Las miradas aparecieron poco a poco. Llegó un momento en
que todo estaba decidido, lo aceptó como si le hubieran dado una labor más, no
podría ni quería precisar en qué instante se dio cuenta de que había que
hacerlo. Le desagradaba hacer análisis o conjeturas sobre lo que ocurría en
aquella oculta relación, oculta porque nadie debía ni podía mirar, todo iba a
ser ojos ciegos y oídos sordos, todo iba a pasar como si tal cosa.
No es por eso por lo que se miran, en la cadencia de aquel
mediodía (no, no fue de noche); es casi un té o mejor un café amargo, los
sentidos en una vieja consonancia, el imaginar que pasa una mano por el cuerpo
que se estremece y a la vez le rechaza. La sábana que todavía no está deshecha,
sus manos deseaban empezar con el dibujo de caricias en la nuca, su alma soñaba
con respirar la humedad de su boca, huele a hierba, a ausencia, oyen un gemido
lejano, quizás pura imaginación, todo se estremece. Alguien grita afuera, lo
necesitan, llamad a los que apagan los incendios del alma, el fuego que arrasa
con todos los sentimientos de papel que encuentra a su paso.
Llegó un domingo, el jefe cumplió con Dios al ir como
siempre a su obligada misa. Dejó a Miguel Ezequiel en casa. Bastaba con los
demás para protegerle porque la Iglesia todavía era territorio neutral para los
narcos; la religión, como decía Marx, constituía otra droga más para mantener
contenta a la comunidad y hacer nombre de quien no lo merece.

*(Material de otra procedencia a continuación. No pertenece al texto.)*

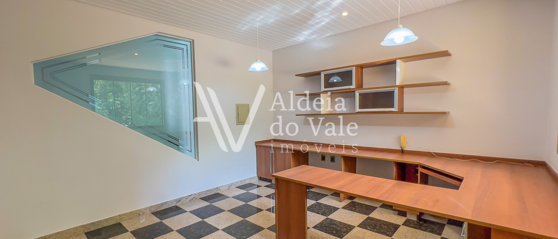 Com 5 suítes, 2 escritórios, cozinha ampla, lavanderia com quarto de empregada, elevador e espaço para ateliê ou oficina.
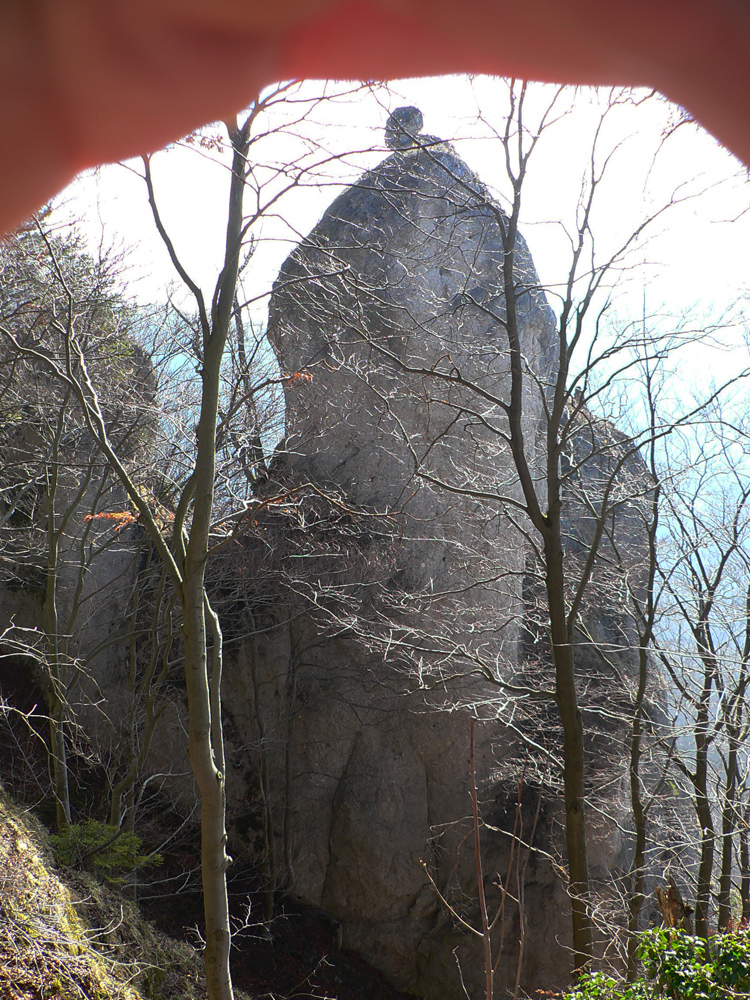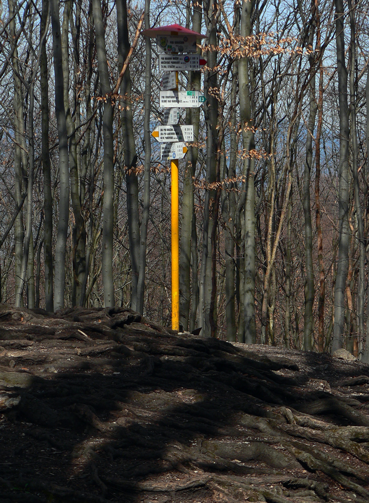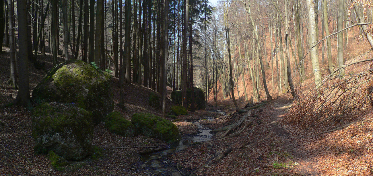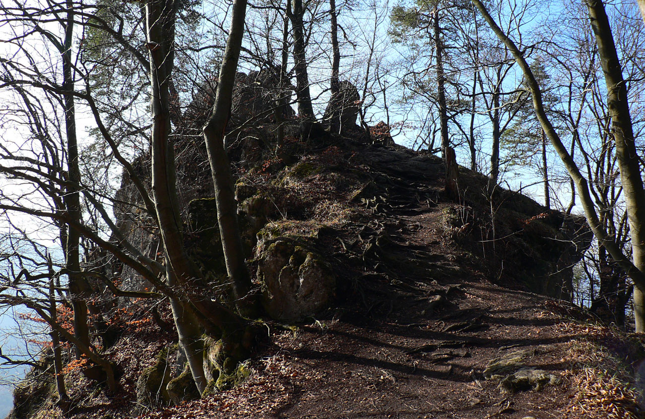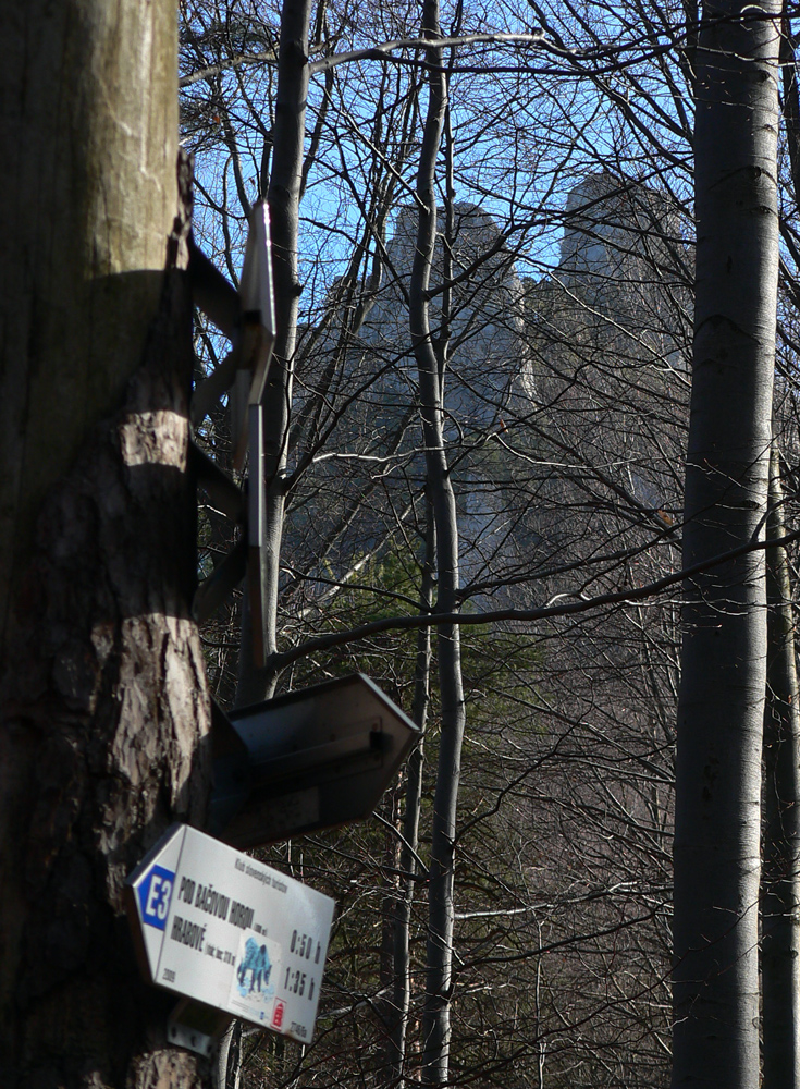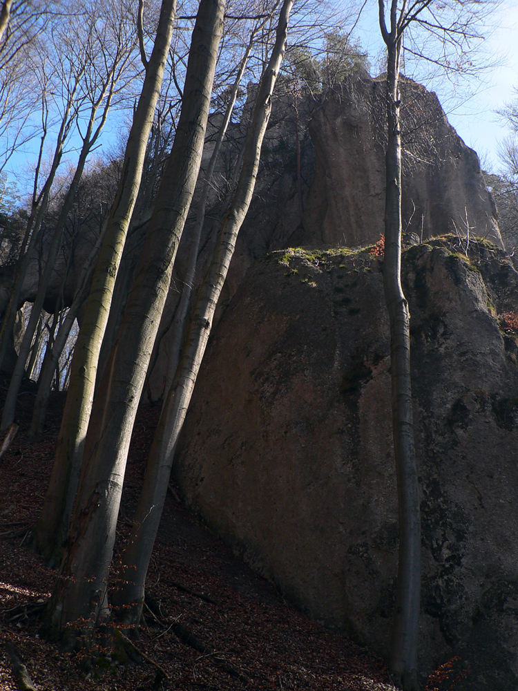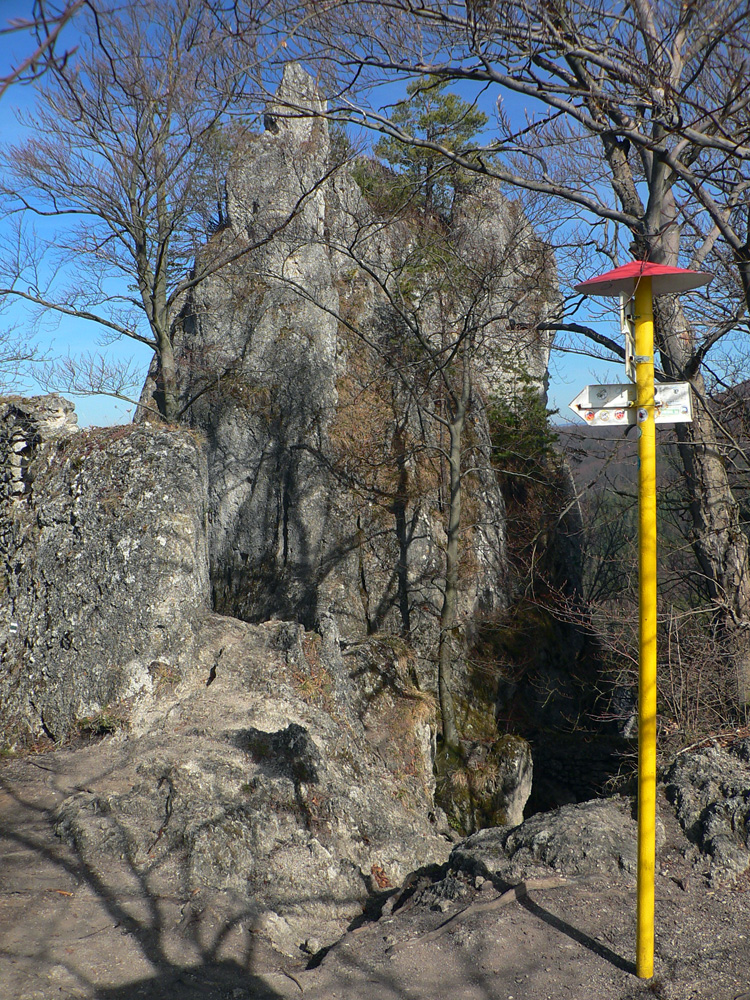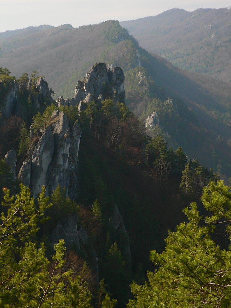 Nazad dole k smerovníku a strmý nástup na hrebeň. Toto je jednoznačne najkrajší chodník zo Súľovskej kotliny na jej obrubu. Pomedzi holé stromy dupľom.

La noche anterior al día que hablamos, había llovido
fuerte, ahora, en la mañana, lucía el Sol y el ambiente era tan sofocante como
corresponde a estos lugares. Ezequiel hacía un solitario en la mesa de reunión,
delante no tenía un ron sino un vaso de leche fría. Cuando entró ella en la
sala, solo se saludaron, luego ella empezó a limpiar, él tuvo la fortuna de
acabar su solitario, entonces se dedicó a observarla con superioridad y digamos
cierta alevosía.
Hay sucesos que son inevitables, destinos que nos gobiernan.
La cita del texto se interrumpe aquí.